Pausing Stream Consumption

I am working on an application that processes very few records in a minute. The request rate would be around 2 calls per minute. These requests are create and update made for a set of data. The requirements were delivery guarantee, reliable delivery, ordering guarantee and preventing any loss of messages.
Our team has decided to use Kafka and I think it does not fit the use case since Kafka is best suitable for streaming data. Instead we could have been better off with traditional message model as well. Though Kafka does provide ordering per partition, the same can be achieved on a traditional messaging system if the number of messages Is low and sources of data is also low. Would that be a fair statement ?
We are using Kafka streams for processing the data and the processing requires that we do lookups to external systems. If the external systems are not available then we stop processing and automatically deliver messages to target systems when the external lookup systems are available.
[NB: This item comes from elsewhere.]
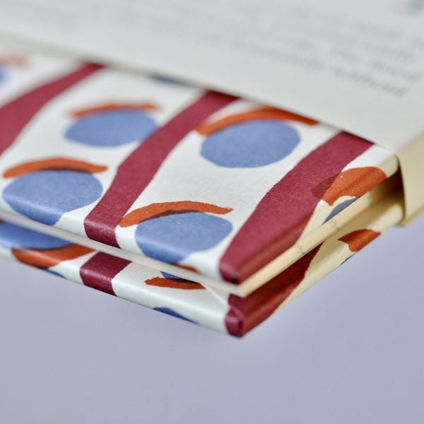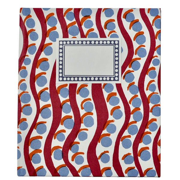 Cambridge Imprint Large Hardback Notebooks are inspired by the slim patterned German Insel-Bücherei books of the inter-war period. They have 80 pages of lined cream paper, sewn properly and bound into a slim, light hardback notebook, covered in Cambridge Imprint's patterned paper, that opens completely flat. Each notebook measures 20.5 cm tall by 17.5 cm wide. The front cover has a rectangular cream label.

At the moment, we stop processing by continuously looping in the middle of a processing and checking if the systems are available.
a) Is that the best way to stop stream midway while processing so that it doesn't pick up any more messages ?
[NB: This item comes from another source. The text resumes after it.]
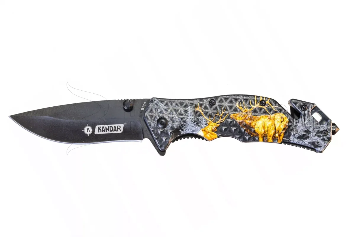 El práctico cuchillo de guardabosques Kandar N379 destaca por su hoja ergonómica decorada con un motivo de ciervos en un paisaje forestal. La superficie de la hoja está cubierta de protuberancias para proporcionar un agarre adecuado. Hay 8 tornillos torx situados por toda la superficie de la vaina, que fijan la vaina al armazón metálico, de debajo del cual sobresale el bloqueo del forro de la hoja.

b) Are data stream frameworks even designed to be stopped or paused midway so they stop consuming the stream completely for some time ?
Regarding your point 2:
a) Is that the best way to stop stream midway while processing so that it doesn't pick up any more messages ?
If, as in your case, you have a very low incoming data rate (a few records per minute), then it might be ok to pause processing an input stream when required dependency systems are not available currently.
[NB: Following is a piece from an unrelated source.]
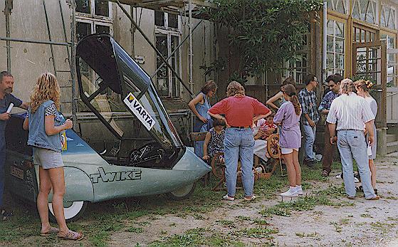 Die Fahrer des zweiten Twike, Martin Möscheid und Techniker Bernd, stellen sich den vielen neugierigen Besuchern. Martin ist Mitinitiator des im Aufbau befindlichen internationalen Stromtankstellen-Netz für Leicht-Elektromobile LEMnet .

In Kafka Streams the preferable API to implement such a behavior -- which, as you are alluding to yourself, is not really a recommended pattern -- is the Processor API.
Even so there are a couple of important questions you need to answer yourself, such as:
What is the desired/required behavior of your stream processing application if the external systems are down for extended periods of time?
Could the incoming data rate increase at some point, which could mean that you would need to abandon the pausing approach above?
But again, if pausing is what you want or need to do, then you can give it a try.
b) Are data stream frameworks even designed to be stopped or paused midway so they stop consuming the stream completely for some time ?
Some stream processing tools allow you to do that. Whether it's the best pattern to use them is a different question.
For instance, you could also consider the following alternative: You could automatically ingest the external systems' data into Kafka, too, for example via Kafka's built-in Kafka Connect framework. Then, in Kafka Streams, you could read this exported data into a KTable (think of this KTable as a continuously updated cache of the latest data from your external system), and then perform a stream-table join between your original, low-rate input stream and this KTable. Such stream-table joins are a common (and recommended) pattern to enrich an incoming data stream with side data (disclaimer: I wrote this article); for example, to enrich a stream of user click events with the latest user profile information. One of the advantages of this approach -- compared to your current setup of querying external systems combined with a pausing behavior -- is that your stream processing application would be decoupled from the availability (and scalability) of your external systems.
is only a fair statement for traditional message brokers when there is a single consumer (i.e. an exclusive queue). As soon as the queue is shared by more than one consumer, there will be the possibility of out of order delivery of messages. This is because any one consumer might fail to processes and ACK a message resulting in the message being put back at the head of the shared queue, and subsequently delivered (out of order) to another consumer. Kafka guarantees in order parallel consumption across multiple consumers using topic partitions (which are not present in traditional message brokers).